_YOUR ASSIGNMENT_. Pictures are to be left out, and every entry repeated exactly.

-------- INPUT --------

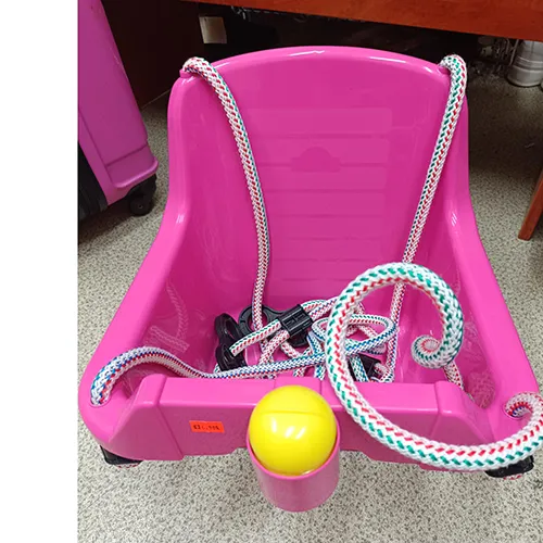 Pendaison de balançoire de jouet en plastique. Le système de suspension se compose d’une corde ancrée dans chaque coin de la balançoire et se termine par deux connecteurs avec des extrémités en plastique. Une corne en plastique est située dans la partie centrale avant.
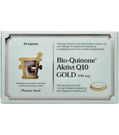 Bio-Quinone Aktivt Q10 Gold kapsler 90 stk. Bio-Quinone Q10 er et kosttilskud, som er med til at reducere træthed, energiløshed og til et normalt energistofskifte. Dispenseringsform Kapsler Dosis og anvendelse 1 kapsel dagligt i forbindelse med et måltid. Den anbefalede daglige dosis må ikke overskrides. ...
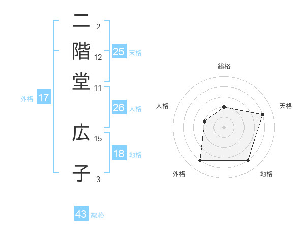 二階堂 広子さんを姓名の画数から五運を鑑定
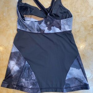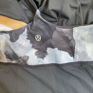 Lululemon dark gray workout tank in size 10. Gray cloud pattern detail. Loose and in great condition
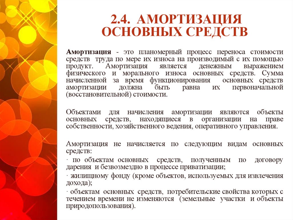 2.4. АМОРТИЗАЦИЯОСНОВНЫХ СРЕДСТВ
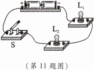 11. 如图所示的电路中,将两个规格不同的灯泡 $ L_{1} $ 和 $ L_{2} $ 串联接入电路,闭合开关 S 后,下列说法正确的是(
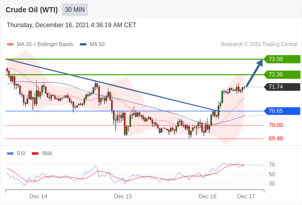 在 70.65 之上,看涨,目标价位为 72.30 ,然后为 73.00 。
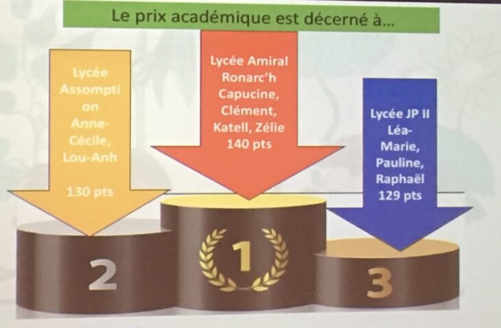 Le mercredi 13 mars, invitées par l’académie de Rennes, Lou-Anh Mettier et Anne-Cécile Richard deux élèves de terminale spé SVT, ont participé à la remise de prix des Olympiades académiques de Biologie à l'Océanopolis de Brest; elles ont obtenu la deuxième place académique. Mme Waendendries, M Gargadennec
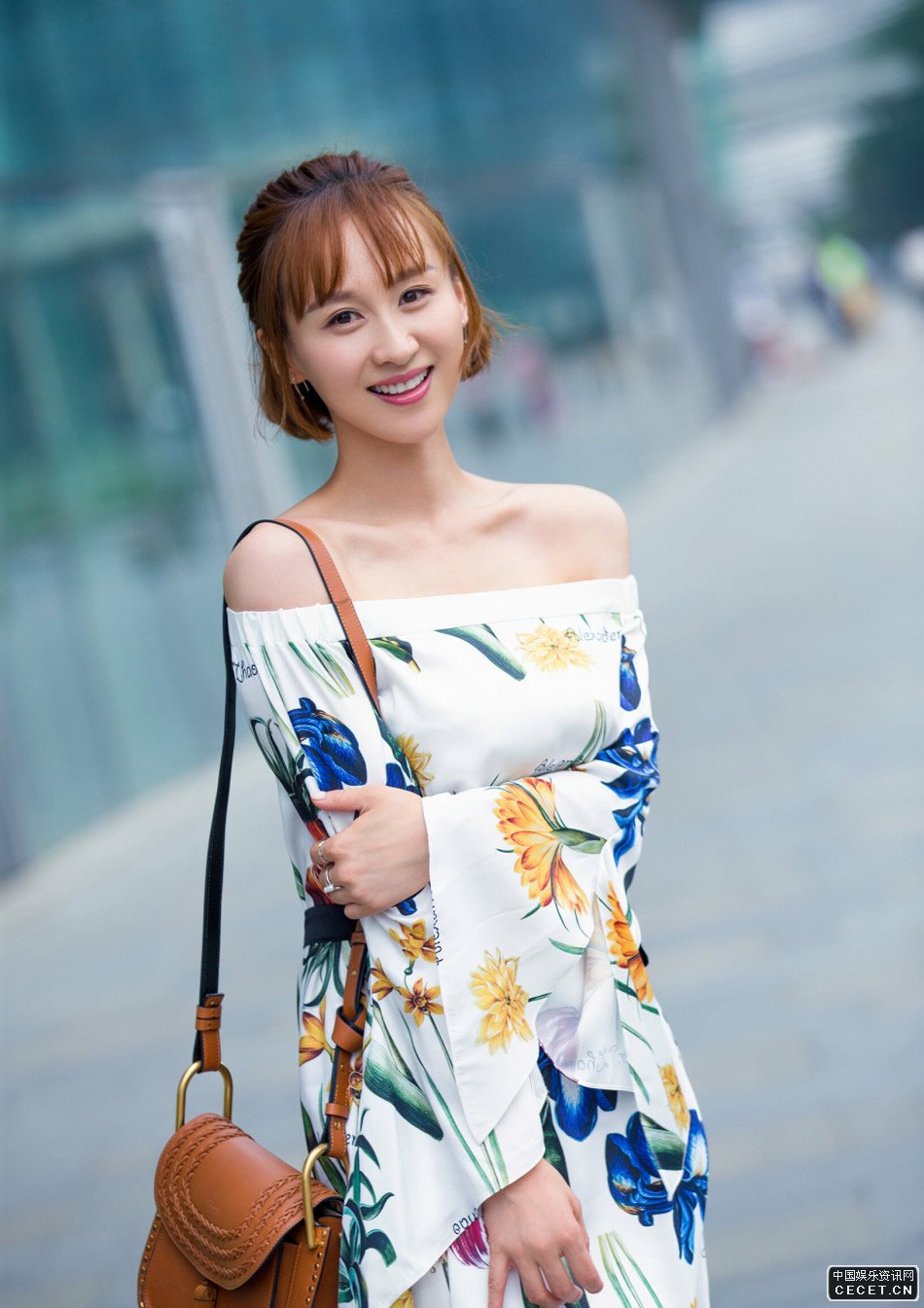 練束梅印花連身裙街拍 纖細修長(cháng)的性感鎖骨
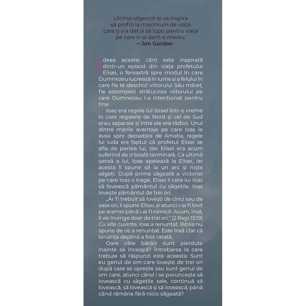 Cand te apropii de apusul vietii nu incerci sa-ti masori viata in functie de succesele sau esecurile avute. Toate acestea se estompeaza in cele din urma intr-o singura aventura numita „viata”. Ceea ce ti-ar putea oferi satisfactie este o viata in care n-ai lasat nimic nefacut. O viata in care ai trait cu aspiratii inalte si perseverenta, cu o inima inflacarata si fara regrete. Pe de alta parte, ceea ce te-ar putea framanta pana la ultima suflare este gandul la cine ai fi putut fi, dar nu ai ajuns si la ce ai fi putut sa faci, dar nu ai facut. Cartea ”Ultima sageata” este o harta catre o viata care sfideaza sortii de izbanda si modifica destine. Descopera insusirile oamenilor care au invins atractia gravitationala a mediocritatii si au fost gata sa riste totul pentru viata la care au visat. Imagineaza-ti ca traiesti viata pe care ai visat-o. Fiecare dintre noi ne incepem viata cu o tolba plina de sageti. Vei alege sa tot tii de ele sau vei risca sa continui sa tintesti cu sagetile tale, alegand sa traiesti pana nu mai ai nimic de oferit? Timpul e scurt, asadar porneste cea mai mare cautare a vietii tale si ramai pe campul de lupta, atacand fara teama liniile inamice cu convingerea ca atunci cand totul a fost spus si facut, ai lovit si cu ultima sageata.
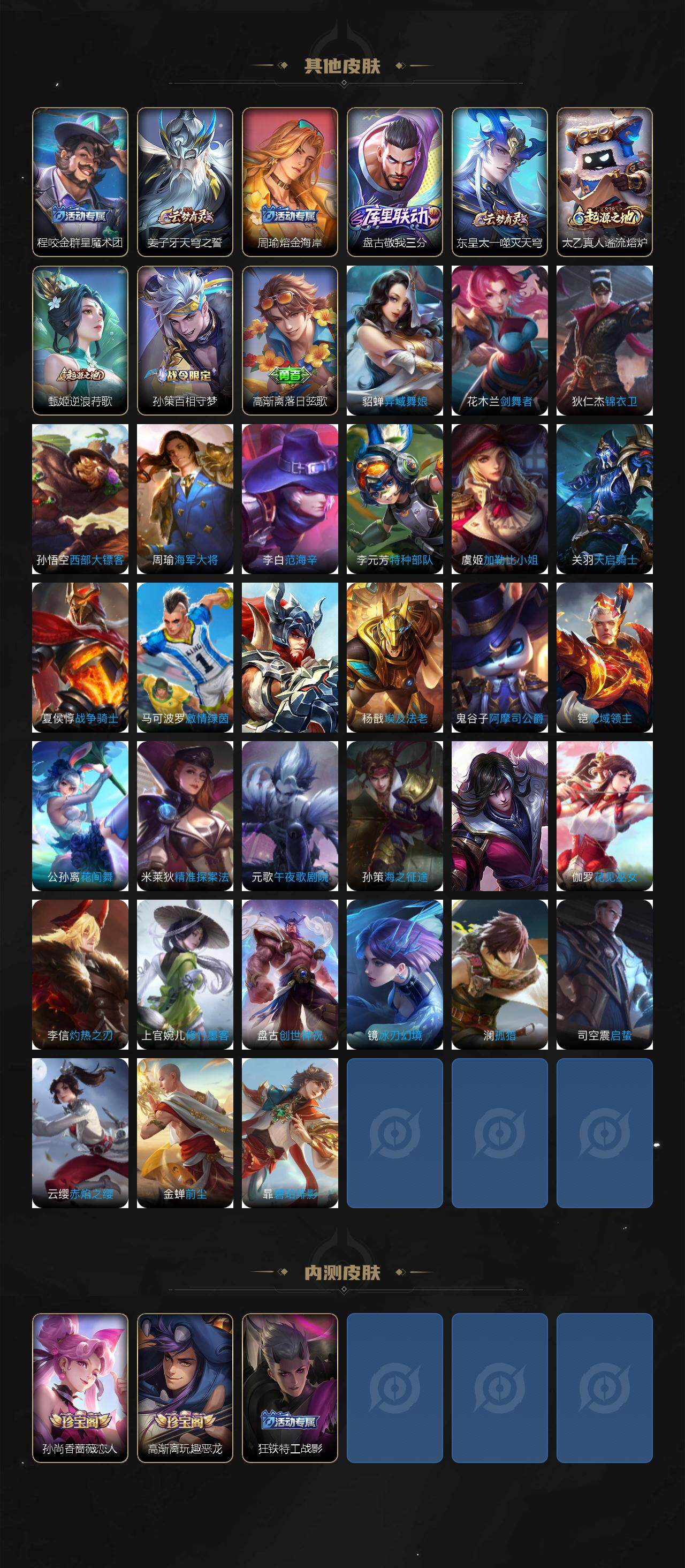 【赛季限定】:狄仁杰万华元夜,达摩沙漠行僧,老夫子醍醐杖,张良古海寻踪,李元芳云中旅人,钟馗驱傩正仪,鬼谷子原初探秘者,苏烈千军破阵,沈梦溪大漠名商,裴擒虎擒涛扼浪,鲁班大师探海日志,桑启海盐诗旅,鬼谷子天穹祈灯,刘邦剑破天穹,姜子牙天穹之誓
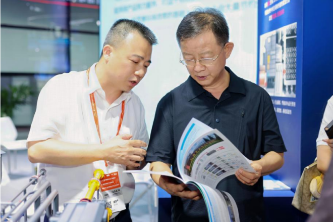 圖為河北省工業(yè)和信息化廳副廳級(jí)領(lǐng)導(dǎo)干部宋向黨參觀展臺(tái)
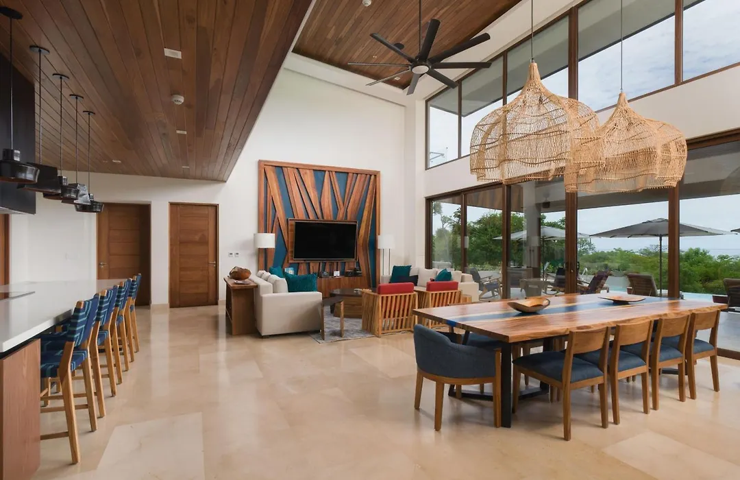 The accommodations at W Costa Rica Resort - Playa Conchal offer stunning views from private balconies and include amenities such as a seating area and a Mixbar featuring a local custom-crafted surfboard tabletop. Various room options are available, including the expansive E-Wow Suite with two bedrooms and a private plunge pool.

--------

_ANSWER AREA_.
 Pendaison de balançoire de jouet en plastique. Le système de suspension se compose d’une corde ancrée dans chaque coin de la balançoire et se termine par deux connecteurs avec des extrémités en plastique. Une corne en plastique est située dans la partie centrale avant.
 Bio-Quinone Aktivt Q10 Gold kapsler 90 stk. Bio-Quinone Q10 er et kosttilskud, som er med til at reducere træthed, energiløshed og til et normalt energistofskifte. Dispenseringsform Kapsler Dosis og anvendelse 1 kapsel dagligt i forbindelse med et måltid. Den anbefalede daglige dosis må ikke overskrides. ...
 二階堂 広子さんを姓名の画数から五運を鑑定
 Lululemon dark gray workout tank in size 10. Gray cloud pattern detail. Loose and in great condition
 2.4. АМОРТИЗАЦИЯОСНОВНЫХ СРЕДСТВ
 11. 如图所示的电路中,将两个规格不同的灯泡 $ L_{1} $ 和 $ L_{2} $ 串联接入电路,闭合开关 S 后,下列说法正确的是(
 在 70.65 之上,看涨,目标价位为 72.30 ,然后为 73.00 。
 Le mercredi 13 mars, invitées par l’académie de Rennes, Lou-Anh Mettier et Anne-Cécile Richard deux élèves de terminale spé SVT, ont participé à la remise de prix des Olympiades académiques de Biologie à l'Océanopolis de Brest; elles ont obtenu la deuxième place académique. Mme Waendendries, M Gargadennec
 練束梅印花連身裙街拍 纖細修長(cháng)的性感鎖骨
 Cand te apropii de apusul vietii nu incerci sa-ti masori viata in functie de succesele sau esecurile avute. Toate acestea se estompeaza in cele din urma intr-o singura aventura numita „viata”. Ceea ce ti-ar putea oferi satisfactie este o viata in care n-ai lasat nimic nefacut. O viata in care ai trait cu aspiratii inalte si perseverenta, cu o inima inflacarata si fara regrete. Pe de alta parte, ceea ce te-ar putea framanta pana la ultima suflare este gandul la cine ai fi putut fi, dar nu ai ajuns si la ce ai fi putut sa faci, dar nu ai facut. Cartea ”Ultima sageata” este o harta catre o viata care sfideaza sortii de izbanda si modifica destine. Descopera insusirile oamenilor care au invins atractia gravitationala a mediocritatii si au fost gata sa riste totul pentru viata la care au visat. Imagineaza-ti ca traiesti viata pe care ai visat-o. Fiecare dintre noi ne incepem viata cu o tolba plina de sageti. Vei alege sa tot tii de ele sau vei risca sa continui sa tintesti cu sagetile tale, alegand sa traiesti pana nu mai ai nimic de oferit? Timpul e scurt, asadar porneste cea mai mare cautare a vietii tale si ramai pe campul de lupta, atacand fara teama liniile inamice cu convingerea ca atunci cand totul a fost spus si facut, ai lovit si cu ultima sageata.
 【赛季限定】:狄仁杰万华元夜,达摩沙漠行僧,老夫子醍醐杖,张良古海寻踪,李元芳云中旅人,钟馗驱傩正仪,鬼谷子原初探秘者,苏烈千军破阵,沈梦溪大漠名商,裴擒虎擒涛扼浪,鲁班大师探海日志,桑启海盐诗旅,鬼谷子天穹祈灯,刘邦剑破天穹,姜子牙天穹之誓
 圖為河北省工業(yè)和信息化廳副廳級(jí)領(lǐng)導(dǎo)干部宋向黨參觀展臺(tái)
 The accommodations at W Costa Rica Resort - Playa Conchal offer stunning views from private balconies and include amenities such as a seating area and a Mixbar featuring a local custom-crafted surfboard tabletop. Various room options are available, including the expansive E-Wow Suite with two bedrooms and a private plunge pool.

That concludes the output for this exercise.